If you want ICE to make some comics go to Chapter 14 in this color.
Chapter 13: It’s free comedy, what do you expect?
(ICE Beckman walks out on stage. He taps the mic a few times before beginning his set.)
ICE: So I got a big match this weekend, and when I say big, I mean big like Bobby’s Cairo.
Heckler: You already used that joke.
ICE: Oh, but I only thought that joke.
Heckler: Good point, but the joke needs work.
ICE: When I say big, I mean like the size of Kaz’s secret hatred of Bobby Cairo.
Heckler: That is more of an insult than a joke.
ICE: Well not all my jokes can be as funny as STJ in the ring!!
Heckler: Focus on your opponents this week!!!
ICE: All fucking right, who the fuck that out there yelling at me?!!
Heckler: Steve Granderson!
ICE: Well Steve, time to get my revenge!
Heckler: What you gonna do? Fight me? I got all my boys here with me.
ICE: That would be fun...but not as fun as telling your wife about you fucking her sister.
Heckler: How do you know that?
ICE: My friend Buck Fucker is fucking the sister too.
Heckler: SHIT! GET UM BOYS!!
(ICE runs off stage, but is quick to hide in the dark as the goons all run past.)
ICE: Seems like the joke is on them....hmmm, that was really more a pun than a joke, fuck now I am heckling myself. I need to get back to business one way or another.
TIME TO....CHOOSE YOUR ICE AGE ADVENTURE!!
If you want ICE to work on some comics head to Chapter 14 in this color.

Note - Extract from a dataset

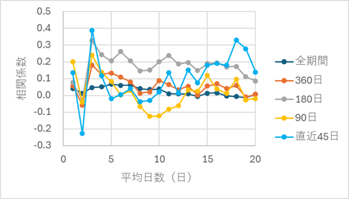 2日平均はマイナス相関で、3日平均はプラス相関っぽいけど、全体的に言って強い相関はないみたいです。直近45日で平均日数15日以上、あるいは180日で3日以上だとちょいプラス相関かも。もう少し個別に見る必要がありますな。

If you want ICE to rant like a pro go to Chapter 15 in this color.
Chapter 14: It’s what you’ve been waiting for...
ICE: Alright, there is no choices left, time to get the truth off my World Champion chest. So go right to the final chapter now...
Chapter 15: When you speak the facts long explanations aren’t necessary.
ICE: Fuck this shit, let’s keep it simple, I know Bobby and Kaz like to go on and on, talk some much shit they even believe their hype even though somewhere deep down inside the facts are hard and real. I beat Bobby at ONE, fair and straight in the middle of the ring. ZMAC is a fucking warrior, he is fighting to keep my title like it is his own. He is hungry, mad and pissed off and ready to end this crap known at the Pussyduck Saints. And finally I have put together the best fucking thing ever and that is my time creating the ICE AGE. You are all fucking Welcome for the house ICE built...fuck the past, fuck the legends, the hall of famers, right NOW is the best the WCF has ever been. Now longer do we waste our time with backstage bullshit, we handle it in the ring, like true competitors, with hard work, creativity and pure drive. And at TimeBomb I keep it just like these words, straight and simple, I want to hurt, I want more Gold, I want bodies bleeding, I want my arm raised...and by now we all know, I get what I want.
(ICE's leaves you now, off to a whole new adventure at Timebomb.)